8.1 Defining netcode and lag compensation

Netcode is defined as the part of a game’s programming that manages communication between the client (player) and the server.

Lag compensation is defined as the techniques used to reduce the perceived effect of network latency (i.e. ping).

In the gaming community, these terms are often confused, however they represent two very different concepts and should NOT be used interchangeably.

8.2 Predicting the location of moving objects

8.2.1 Continuous time domain

As formulated in the kinematic equations, the position of a moving object under ideal conditions can be expressed as \[ s\left(t\right) = s_{0} + v_{0}t + \dfrac{1}{2}a{t}^2 \] where \[ \begin{split} t &: \text{time} \\ s_{0} &: \text{initial position} \\ v_{0} & : \text{initial velocity} \\ a & : \text{acceleration} \\ \end{split} \]
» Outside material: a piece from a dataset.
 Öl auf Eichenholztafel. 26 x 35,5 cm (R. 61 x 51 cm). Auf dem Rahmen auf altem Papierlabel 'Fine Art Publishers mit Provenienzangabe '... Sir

Define acceleration as a constant.

Let \(t > t_0 \geq 0.\)

\[ \begin{equation} a = \dfrac{dv}{dt} = \dfrac{d^2s}{dt^2} \end{equation} \]
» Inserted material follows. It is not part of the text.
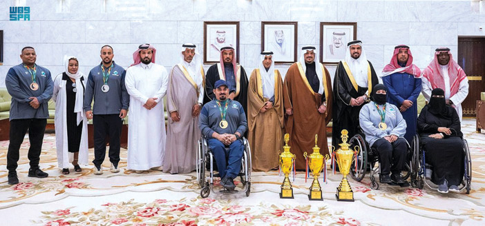 استقبل صاحب السمو الملكي الأمير فيصل بن بندر بن عبدالعزيز أمير منطقة الرياض، في مكتبه بقصر الحكم أمس مديرفرع وزارة الرياضة بالمنطقة المكلف يحيى القرني ورئيس مجلس إدارة نادي ذوي الإعاقة بالمنطقة فهد الفقير وأعضاء مجلس الإدارة، واستمع سموه إلى شرح عن منجزات نادي ذوي الإعاقة بمنطقة الرياض وتاريخ تأسيس النادي والبطولات التي حققها ومسيرته الرياضية على المستويات المحلية والخارجية. ثم التقط سمو أمير منطقة الرياض الصور التذكارية مع منسوبي النادي والميداليات والكؤوس الحاصلين عليها. كما استقبل صاحب السمو الملكي الأمير محمد بن عبدالرحمن بن عبدالعزيز، نائب أمير منطقة الرياض في مكتبه بقصر الحكم أمس مدير فرع وزارة الرياضة بالمنطقة المكلف يحيى القرني ورئيس مجلس إدارة نادي ذوي الإعاقة بالمنطقة فهد الفقير وأعضاء مجلس الإدارة. واستمع سموه إلى شرح عن النادي والإنجازات التي حققها ومسيرة تأسيسه والبطولات الرياضية التي حققها على المستويات المحلية والخارجية. ثم التقط سموه الصور التذكارية مع منسوبي النادي والميداليات والكؤوس الحاصلين عليها.

\[ \begin{split} \dfrac{dv}{dt} &= a \\ \int_{t_0}^{t}{dv} &= \int_{t_0}^{t}{a \cdot dt} \\ \left[v\right]_{t_0}^{t} &= a\left[t\right]_{t_0}^{t} \\ v\left(t\right) - v\left(t_0\right) &= a \cdot \left(t - t_0\right) \\ v\left(t\right) &= v\left(t_0\right) + a \cdot \left(t - t_0\right) \\ &= v\left(t_0\right) + at - at_0 \end{split} \]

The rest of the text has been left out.